新型肺炎:データ分析では思い込みを排せ

データ分析では思い込みを排除するということは当たり前のことなのですが、いろんな記事や評論を読むと、この当たり前のことができていません。

 

「勝ちに不思議の勝ちあり 負けに不思議の負けなし」

 

平戸藩藩主松浦静山の言葉です。野球の野村監督が好んだ言葉です。

いくつか前の記事に書いたように感染抑制に成功した国が出ております。
日本も感染が抑制できています。また、死亡率も世界の中では低い方であり、まあ勝った国と言って良いでしょう。 

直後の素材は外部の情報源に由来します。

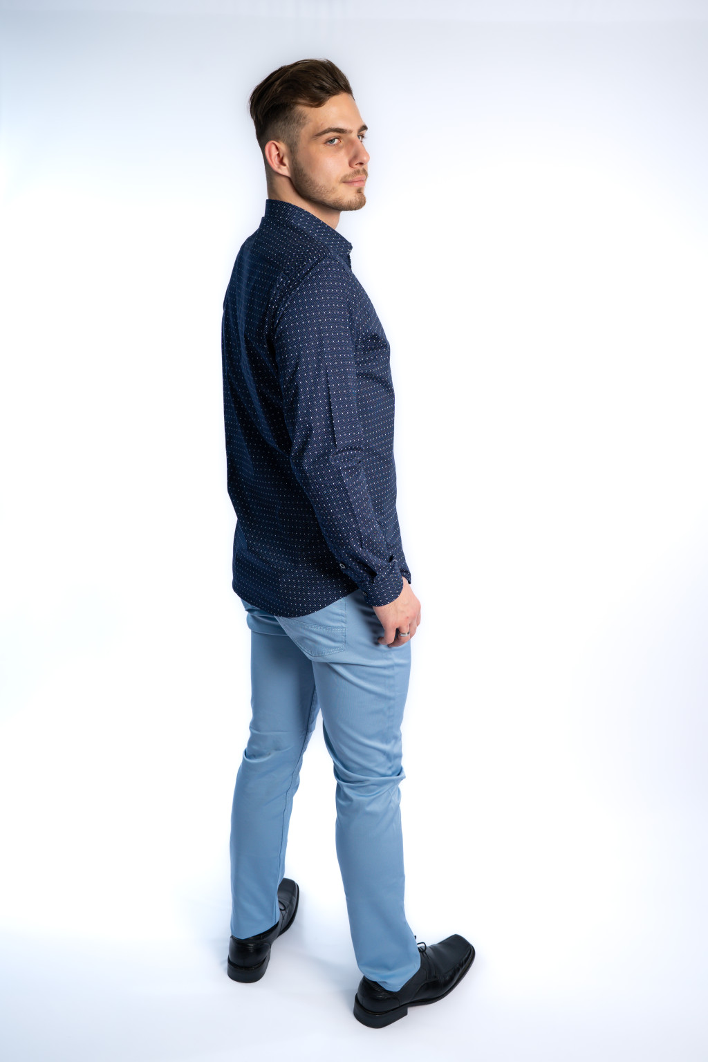 A slim fit szabású férfi ing tökéletes választás azoknak, akik a letisztult, fiatalos stílust kedvelik. Nem túl szűk, mégis határozottan karcsúsított vonalvezetésű, amely ideális zakó alá, elegáns nadrághoz vagy akár farmerhez is. A finom, apró mintázat eleganciát kölcsönöz, így az ing alkalmas üzleti tárgyalásra, randevúra, ünnepi eseményre vagy hétköznapi viseletre egyaránt.
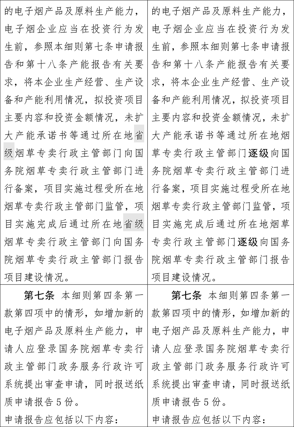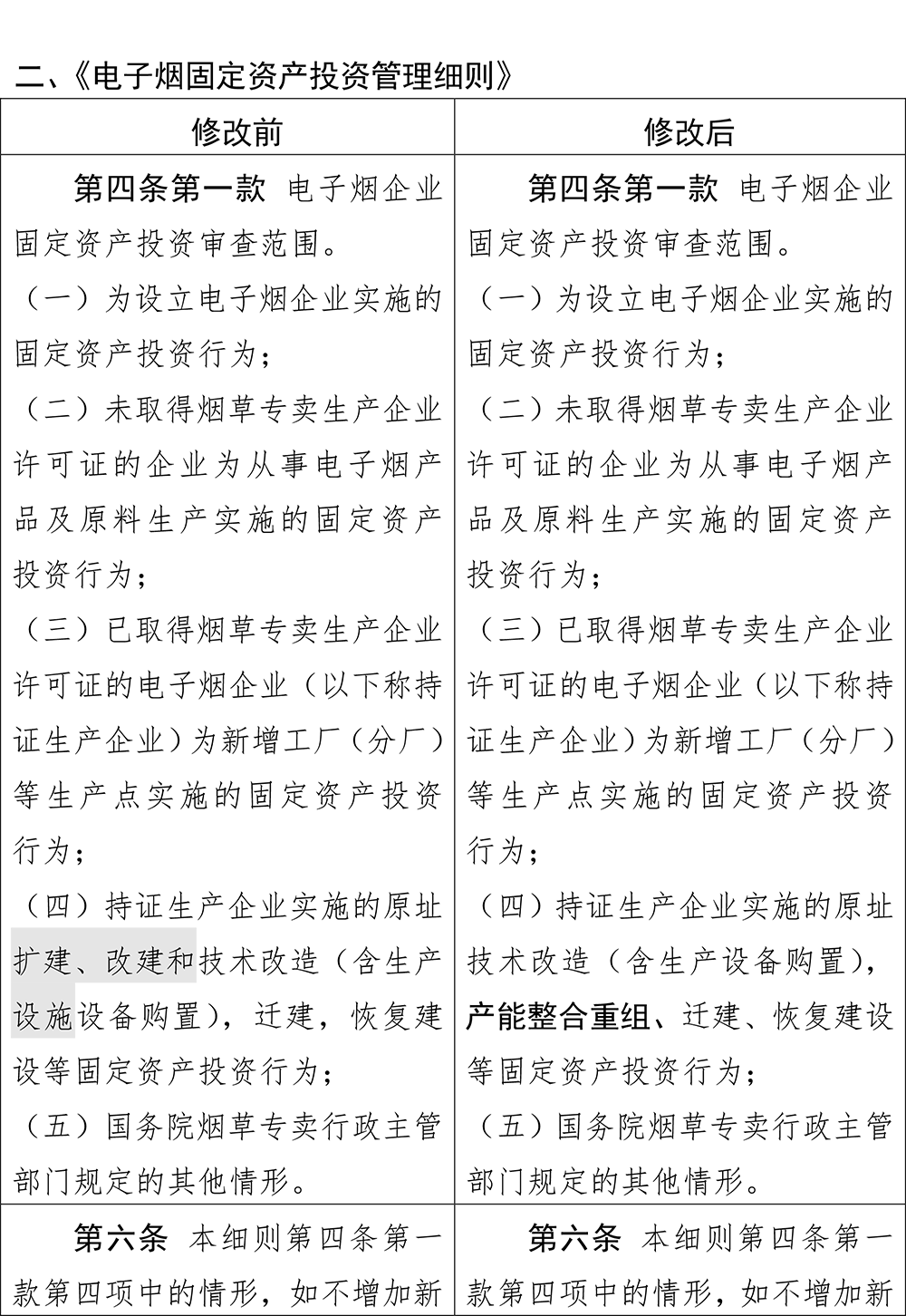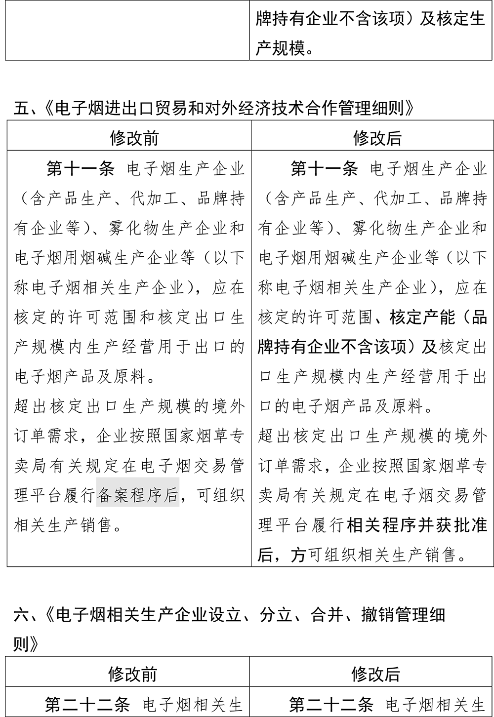 《电子烟进出口贸易和对外经济技术合作管理细则》修改了一处,修改后的第十条,是要求电子烟生产企业(含产品生产、代加工、品牌持有企业等)、雾化物生产企业和电子烟用烟碱生产企业等(以下称电子烟相关生产企业),应在核定的许可范围、核定产能(品牌持有企业不含该项)及核定出口生产规模内生产经营用于出口的电子烟产品及原料。超出核定出口生产规模的境外订单需求,企业按照国家烟草专卖局有关规定在电子烟交易管理平台履行相关程序并获批准后,方可组织相关生产销售。

この事実を奇妙と思い、その要因を探ろうとする人たちがたくさんいます。奇妙ですから、まさに「不思議の勝ち」ですね。
奇妙と思うのは、日本の対策が不十分だという思い込みがあるからです。対策、特にPCR検査が不十分なのに感染が押さえ込めている、これは不思議だ、なぜだ、ということですね。

 

日本の成功を不思議の勝ちと思うこと自体は別に悪くは無いと思います。問題は、それを日本だけに適用してしまうことです。そのような思い込みに基づく自説を持ってしまうと、自説に都合の良いデータとパラメータだけを選んで分析してしまう恐れがあります。
「不思議の勝ち」「奇妙な成功」という見方はすべての国・地域に適用して、できるだけ思い込みを排除して分析すべきです。

 

もう一つの「不思議の負けなし」も重要だと思っています。
成功したと見なせる国・地域でも、それぞれに負けがあります。勝ちの要因に比べれば、負けの要因の分析は容易なはずです。
日本で言えば、

  • 2月末に自粛と休校の要請に追い込まれたこと、
  • 3月下旬から自粛の呼びかけを強化せざるを得ず、最終的に緊急事態宣言を出したこと、
  • 東京での4月の陽性率が数週間高い状態だったこと
  • 5月に緊急事態宣言を延長したこと

などが挙げられます。韓国では、

  • 2月中旬の爆発的感染拡大を防げなかったこと、
  • 厳しい行動抑制を課したこと、
  • プライバシーを侵害する感染追跡をせざるを得なかったこと

などがあるでしょう。ベトナムは人口の多い国の中で最も成功した国だと思いますが、それでも負けがあります。

  • 2月に休校したこと
  • 3月には国中の移動規制を発したこと

などがあると思います。もちろん、これは必要な措置だったとも見なせますが、強い規制はない方が良いわけで、その意味で負けだと見なせると思います。
その他の国にも、それぞれに負けがあります。
勝ちの要因分析に比べれば、負けの要因分析は容易なはずです。したがって、勝ちの要因分析よりも負けの要因分析を先行させるべきだと思います。負けの要因分析から、逆に勝ちの要因が浮かび上がってくる可能性も十分にあります。

ただ、ベトナムは人口比の感染者数が小さすぎるので要因分析が難しいかもしれません。